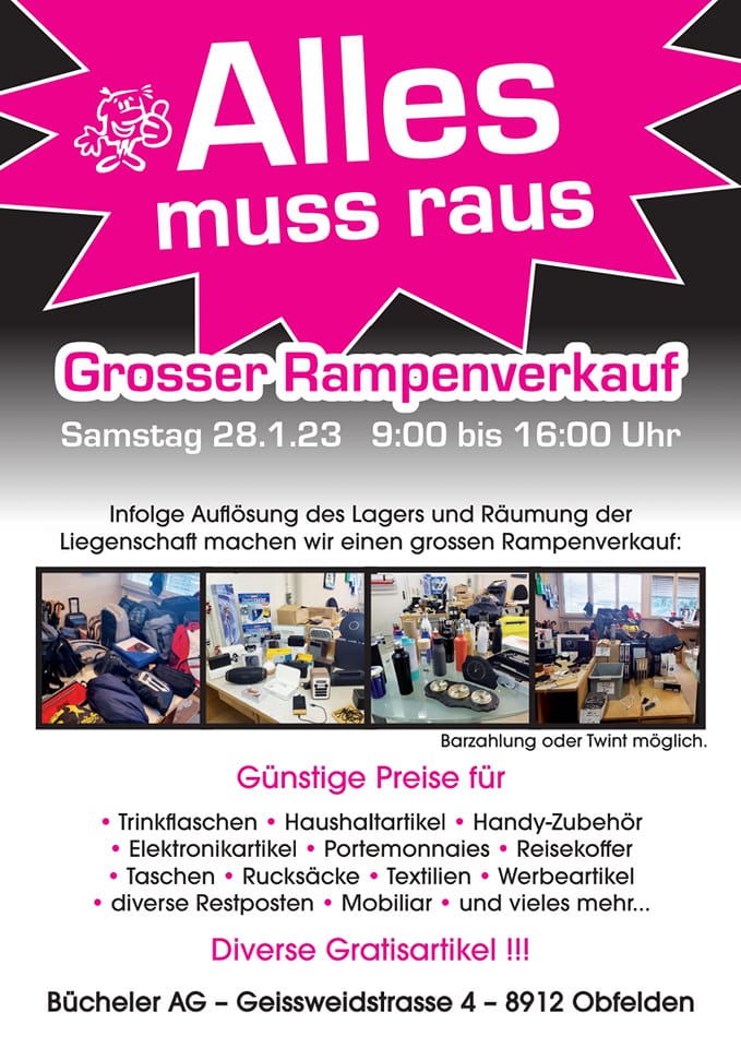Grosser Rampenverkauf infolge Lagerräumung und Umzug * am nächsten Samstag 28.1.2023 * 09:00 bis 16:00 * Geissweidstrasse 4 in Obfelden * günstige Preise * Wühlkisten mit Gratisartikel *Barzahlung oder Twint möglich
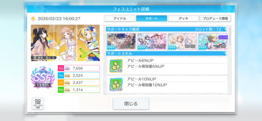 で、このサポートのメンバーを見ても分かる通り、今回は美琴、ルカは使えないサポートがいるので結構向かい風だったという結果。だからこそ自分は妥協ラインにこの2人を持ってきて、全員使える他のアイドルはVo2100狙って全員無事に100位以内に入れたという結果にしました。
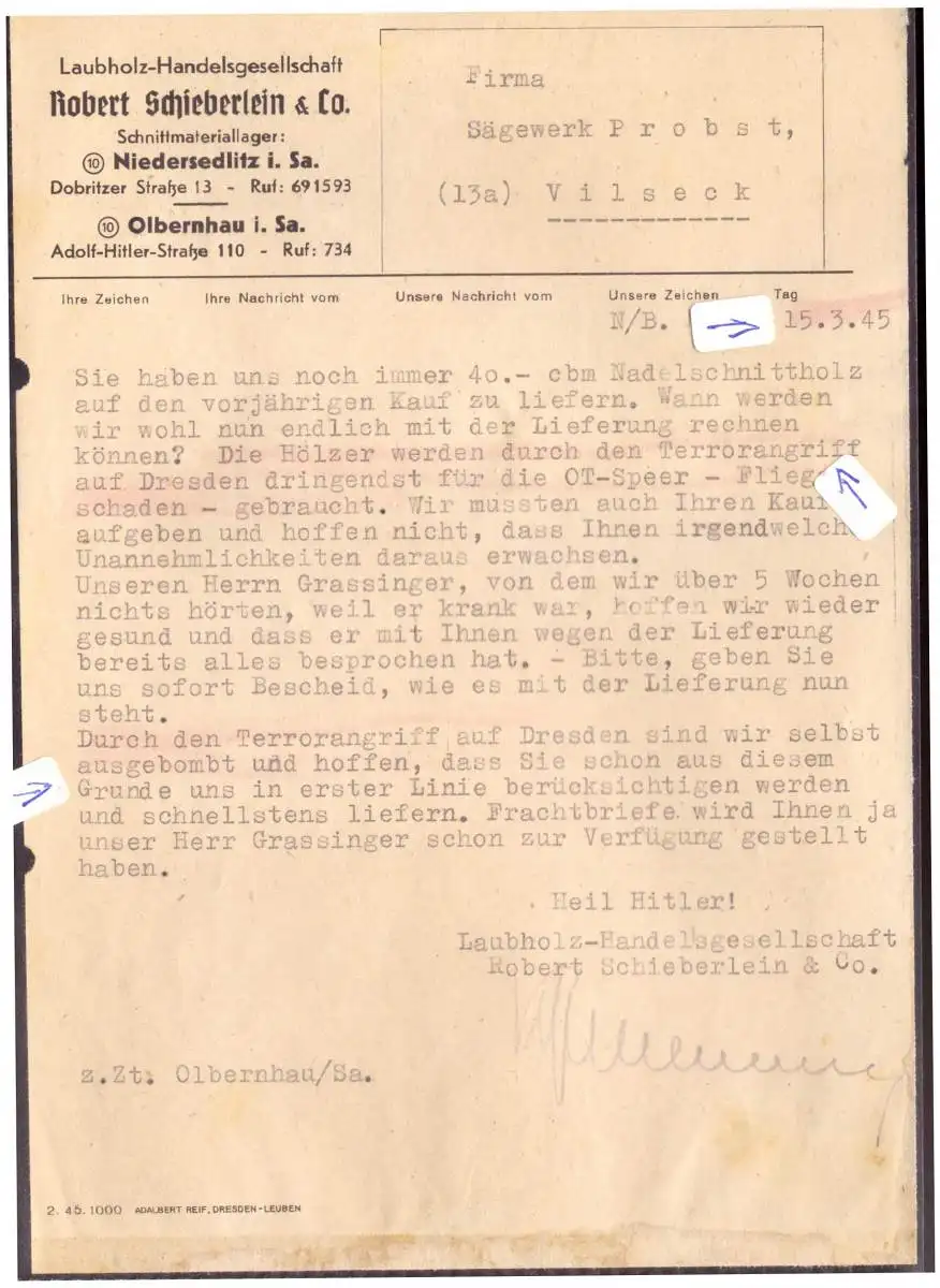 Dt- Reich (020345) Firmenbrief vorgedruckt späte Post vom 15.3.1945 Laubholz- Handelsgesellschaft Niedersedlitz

▬▬▬▬▬▬▬▬▬▬

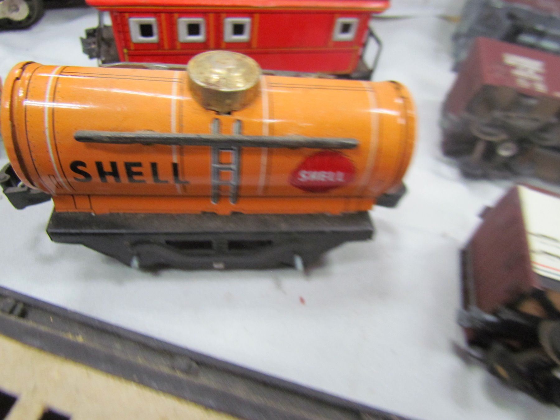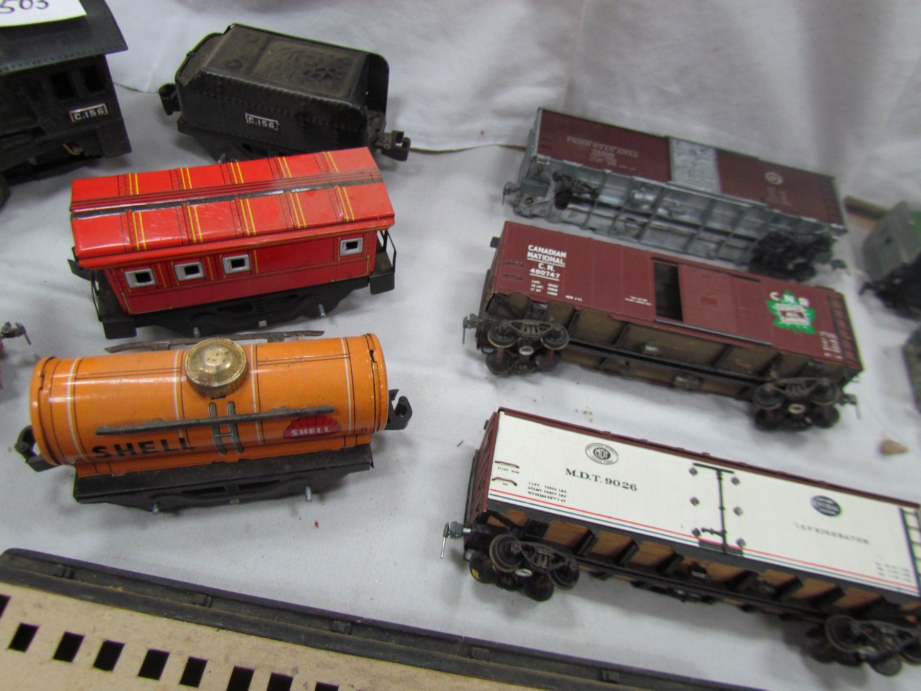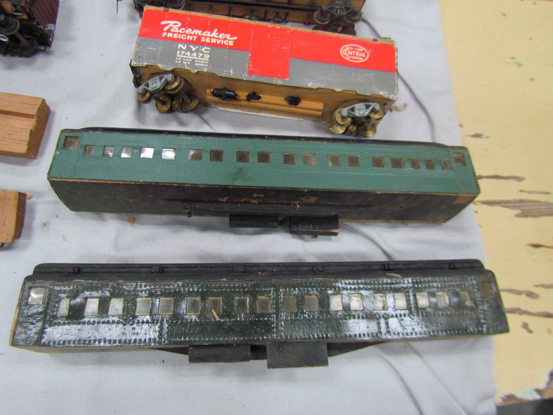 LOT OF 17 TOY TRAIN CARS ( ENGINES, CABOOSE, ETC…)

▬▬▬▬▬▬▬▬▬▬

THE PROBLEM:
Please repeat the lines of the material above exactly, starting with the line that contains "Grosser Rampenverkauf infolge" and ending with the line that contains "Dt- Reich (020345)". Leave the pictures out.

ANSWER SPACE:
Grosser Rampenverkauf infolge Lagerräumung und Umzug * am nächsten Samstag 28.1.2023 * 09:00 bis 16:00 * Geissweidstrasse 4 in Obfelden * günstige Preise * Wühlkisten mit Gratisartikel *Barzahlung oder Twint möglich
 で、このサポートのメンバーを見ても分かる通り、今回は美琴、ルカは使えないサポートがいるので結構向かい風だったという結果。だからこそ自分は妥協ラインにこの2人を持ってきて、全員使える他のアイドルはVo2100狙って全員無事に100位以内に入れたという結果にしました。
 Dt- Reich (020345) Firmenbrief vorgedruckt späte Post vom 15.3.1945 Laubholz- Handelsgesellschaft Niedersedlitz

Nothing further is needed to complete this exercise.